======== SOURCE DATA
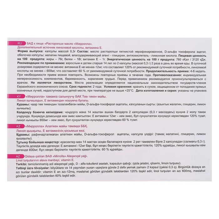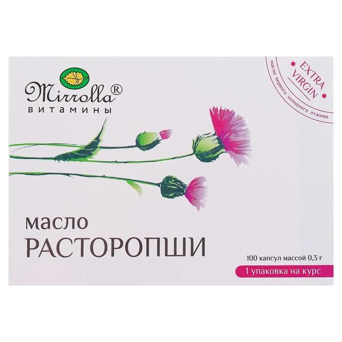 Состав: масло расторопши пятнистой нерафинированное, оболочка капсулы: желатин пищевой, влагоудерживающий агент - глицерин, антиокислитель - лимонная кислота, D-альфа токоферола ацетат.
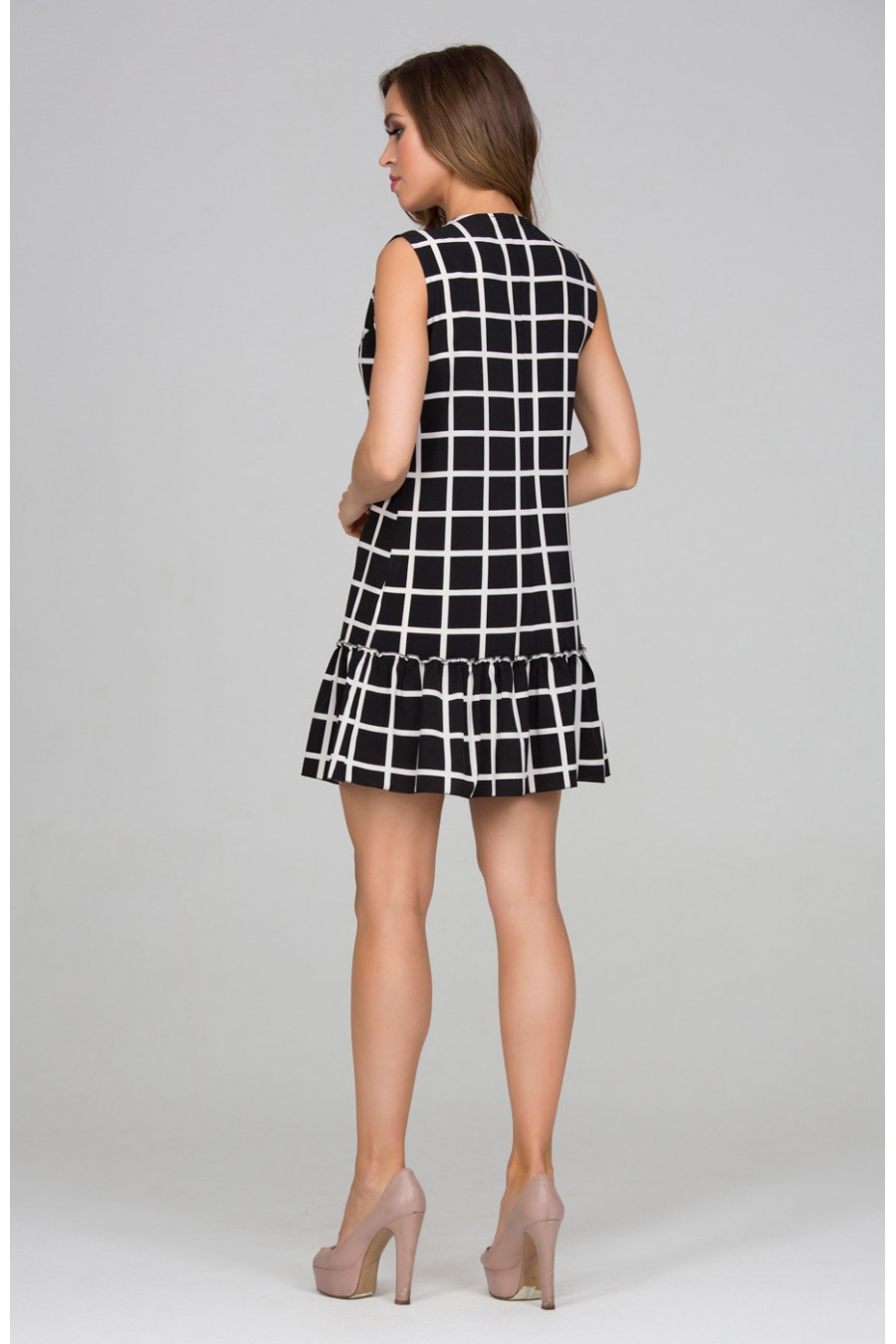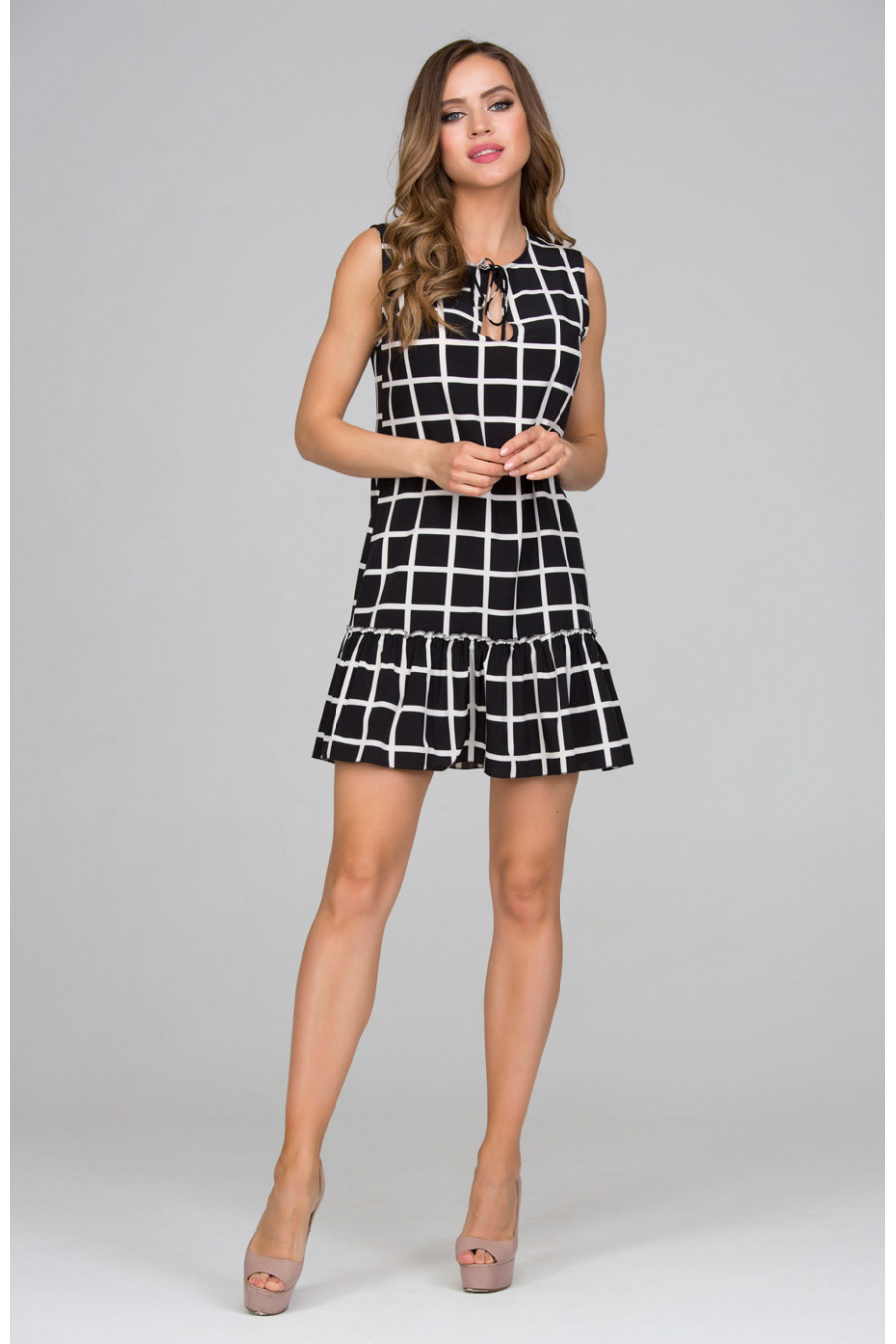 Коктейльное платье прямого силуэта с воланом по низу. На полочке вырез «капля» и завязка на бант. На полочке и спинке введены нагрудные вытачки. Вырез горловины круглый не глубокий.
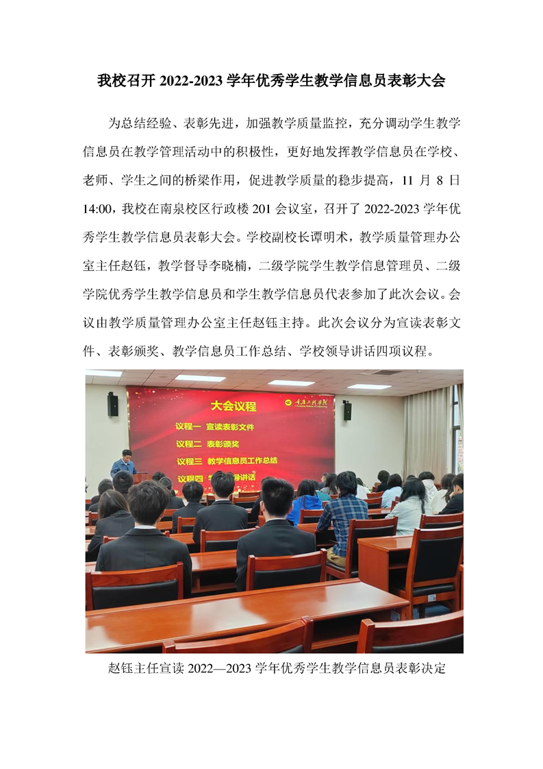 我校召开2022-2023学年优秀学生教学信息员表彰大会
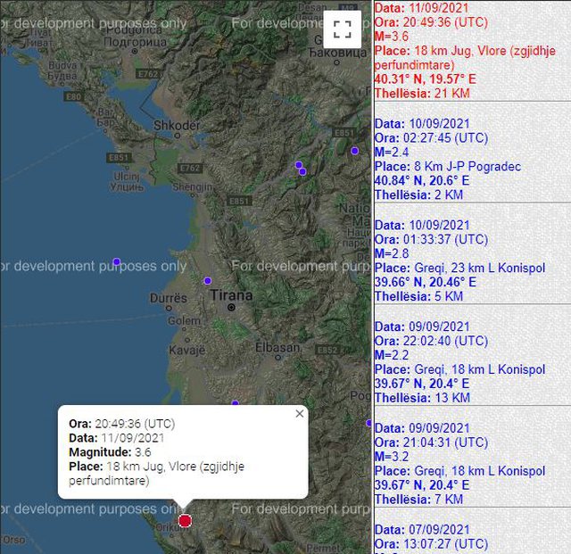 Nga ana tjeter sipas IGJEUM, termeti i fundit i regjistruar ne Shqiperi ka ndodhur ne ne Pogradec dhe ka qene me fuqi 2.4 rihter./lajmifundit.al
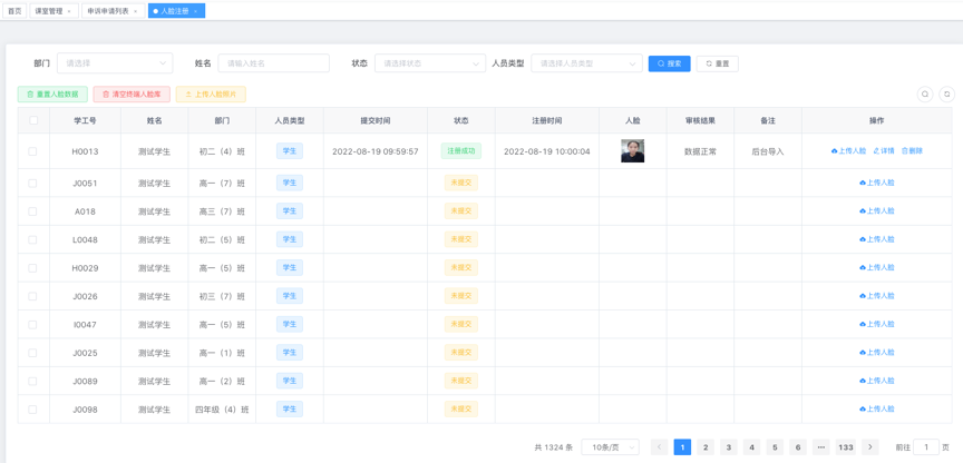 用于配置人脸注册的审批流程、人脸参数。并对前端用户上传的人脸照片进行数据处理,并将人脸库下发至相应的课室终端设备中。
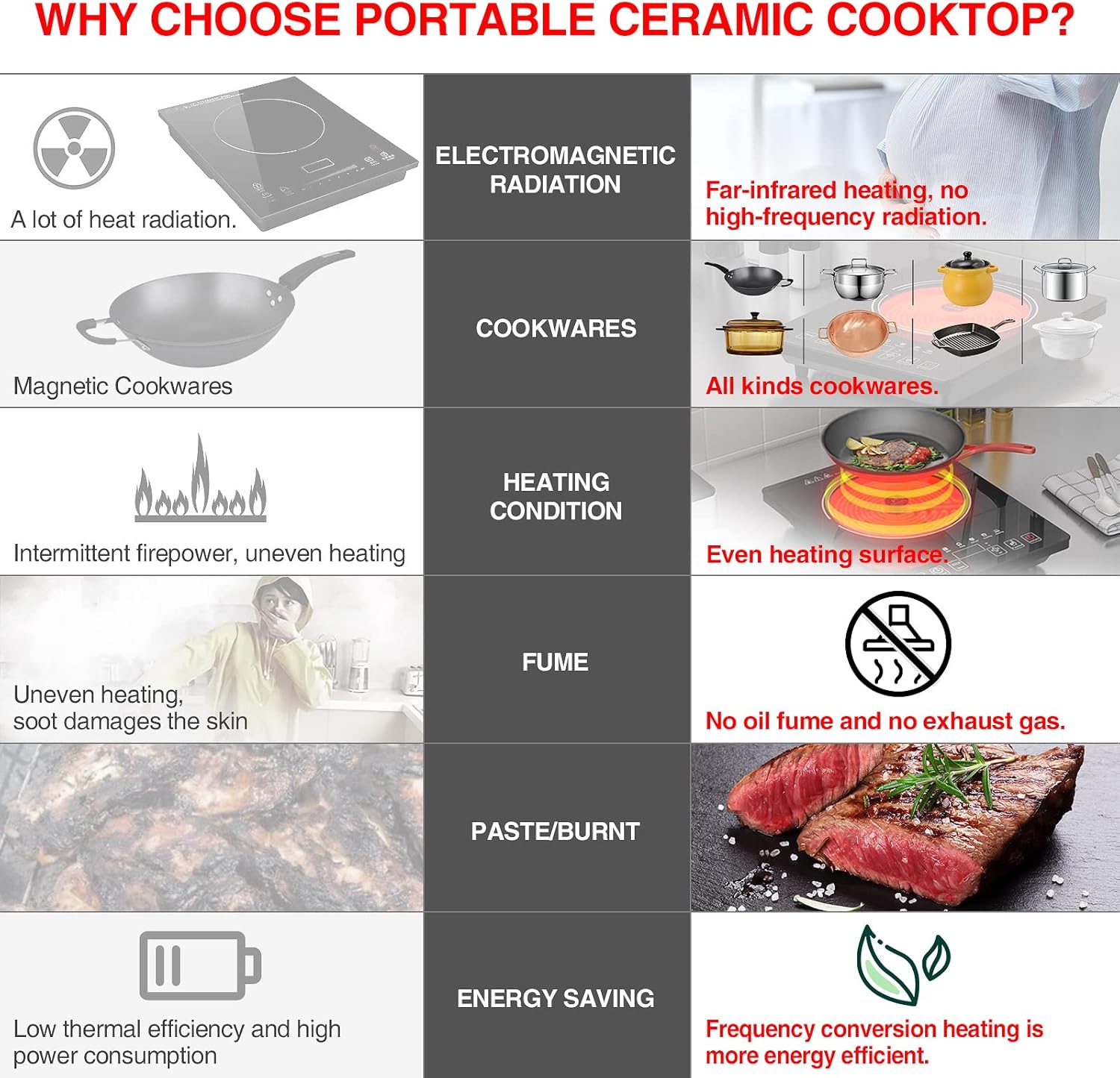 - 1800W Single Burner Electric Cooktop:This 1800W portable electric cooktop is suitable for US standard 110-120V voltage, plug and play. Ceramic electric stove without electromagnetic high-frequency radiation, better than induction cooktop,the elderly and pregnant women can use with confidence. Use ceramic electric stove cooking, no fumes, reduce the damage to the skin, to help you create a healthy kitchen environment.
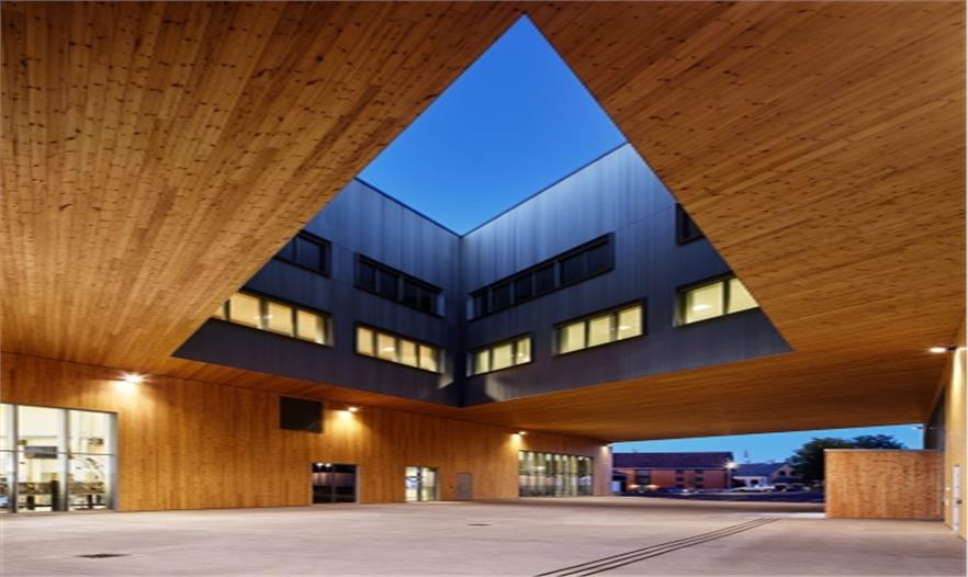 這個(gè)新技校位于滕斯貝格城鎮(zhèn)中心以及其在波羅的海主要港口之間的海港區(qū)。在這個(gè)區(qū)域能看到過去工業(yè)建筑的痕跡,希望這個(gè)學(xué)校成為該區(qū)域復(fù)興的催化劑,同時(shí)興起一些貿(mào)易和當(dāng)?shù)芈劽募夹g(shù),如木工、焊接和機(jī)械工程。
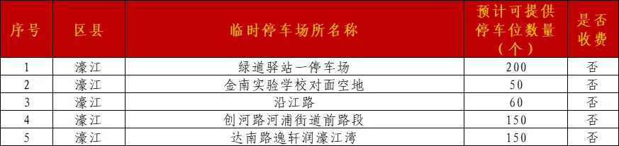 金平共开放20个临时停车场(约1296个停车位):
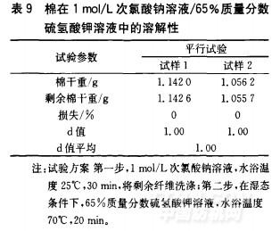 从表9可以看出棉在1mol/L次氯酸钠溶液/65%质量分数硫氢酸钾溶液中几乎没有损伤,修正系数为1.00。
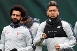 Champions League semi-final laga pohila leg te Liverpool khan forwards Mohamed Salah aro Roberto Firmino tweijun nadhaki kena Barcelona logot te...
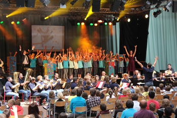 Im Rahmen zweier Konzerte hat das Blasorchester Bad Vöslau gemeinsam mit dem Kinderchor der Musikschule Bad Vöslau das Märchen-Musical „Freude“ von Paul Nagler (Text) und Kurt Gäble (Musik) zur Aufführung gebracht. Inhaltlich beschäftigt sich das Musical mit der verloren gegangenen Freude der Industriegesellschaft und ihrer oft mangelnden Sensibilität gegenüber den einfachen Dingen des Lebens. Die schwungvolle Musik wurde vom Blasorchester sehr feinfühlig und dennoch auch mit sehr rockigen Bläserklängen dargeboten. Die Bühnendekoration wurde dabei von SchülerInnen der SMS Bad Vöslau in projektbezogener Zusammenarbeit künstlerisch gestaltet.
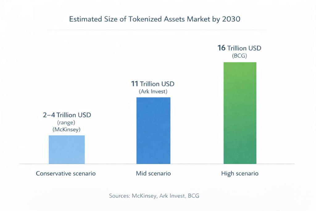 Diferentes estimaciones coinciden en que la tokenización de activos podría alcanzar varios trillones de dólares hacia 2030. Mientras escenarios conservadores proyectan alrededor de 2 a 4 trillones, estimaciones más optimistas elevan la cifra a más de 10 o incluso 16 trillones de dólares, reflejando el potencial de crecimiento de esta nueva infraestructura financiera
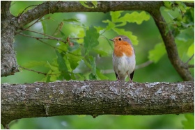 A beautiful European Robin on a tree branch amidst lush spring greenery, symbolizing nature's serenity.
================
__WHAT THE EXERCISE ASKS__:
What you return must be every entry, word for word, without any pictures.

__FINISHED EXERCISE__:
 Состав: масло расторопши пятнистой нерафинированное, оболочка капсулы: желатин пищевой, влагоудерживающий агент - глицерин, антиокислитель - лимонная кислота, D-альфа токоферола ацетат.
 Коктейльное платье прямого силуэта с воланом по низу. На полочке вырез «капля» и завязка на бант. На полочке и спинке введены нагрудные вытачки. Вырез горловины круглый не глубокий.
 我校召开2022-2023学年优秀学生教学信息员表彰大会
 Nga ana tjeter sipas IGJEUM, termeti i fundit i regjistruar ne Shqiperi ka ndodhur ne ne Pogradec dhe ka qene me fuqi 2.4 rihter./lajmifundit.al
 用于配置人脸注册的审批流程、人脸参数。并对前端用户上传的人脸照片进行数据处理,并将人脸库下发至相应的课室终端设备中。
 - 1800W Single Burner Electric Cooktop:This 1800W portable electric cooktop is suitable for US standard 110-120V voltage, plug and play. Ceramic electric stove without electromagnetic high-frequency radiation, better than induction cooktop,the elderly and pregnant women can use with confidence. Use ceramic electric stove cooking, no fumes, reduce the damage to the skin, to help you create a healthy kitchen environment.
 這個(gè)新技校位于滕斯貝格城鎮(zhèn)中心以及其在波羅的海主要港口之間的海港區(qū)。在這個(gè)區(qū)域能看到過去工業(yè)建筑的痕跡,希望這個(gè)學(xué)校成為該區(qū)域復(fù)興的催化劑,同時(shí)興起一些貿(mào)易和當(dāng)?shù)芈劽募夹g(shù),如木工、焊接和機(jī)械工程。
 金平共开放20个临时停车场(约1296个停车位):
 从表9可以看出棉在1mol/L次氯酸钠溶液/65%质量分数硫氢酸钾溶液中几乎没有损伤,修正系数为1.00。
 Champions League semi-final laga pohila leg te Liverpool khan forwards Mohamed Salah aro Roberto Firmino tweijun nadhaki kena Barcelona logot te...
 Im Rahmen zweier Konzerte hat das Blasorchester Bad Vöslau gemeinsam mit dem Kinderchor der Musikschule Bad Vöslau das Märchen-Musical „Freude“ von Paul Nagler (Text) und Kurt Gäble (Musik) zur Aufführung gebracht. Inhaltlich beschäftigt sich das Musical mit der verloren gegangenen Freude der Industriegesellschaft und ihrer oft mangelnden Sensibilität gegenüber den einfachen Dingen des Lebens. Die schwungvolle Musik wurde vom Blasorchester sehr feinfühlig und dennoch auch mit sehr rockigen Bläserklängen dargeboten. Die Bühnendekoration wurde dabei von SchülerInnen der SMS Bad Vöslau in projektbezogener Zusammenarbeit künstlerisch gestaltet.
 Diferentes estimaciones coinciden en que la tokenización de activos podría alcanzar varios trillones de dólares hacia 2030. Mientras escenarios conservadores proyectan alrededor de 2 a 4 trillones, estimaciones más optimistas elevan la cifra a más de 10 o incluso 16 trillones de dólares, reflejando el potencial de crecimiento de esta nueva infraestructura financiera
 A beautiful European Robin on a tree branch amidst lush spring greenery, symbolizing nature's serenity.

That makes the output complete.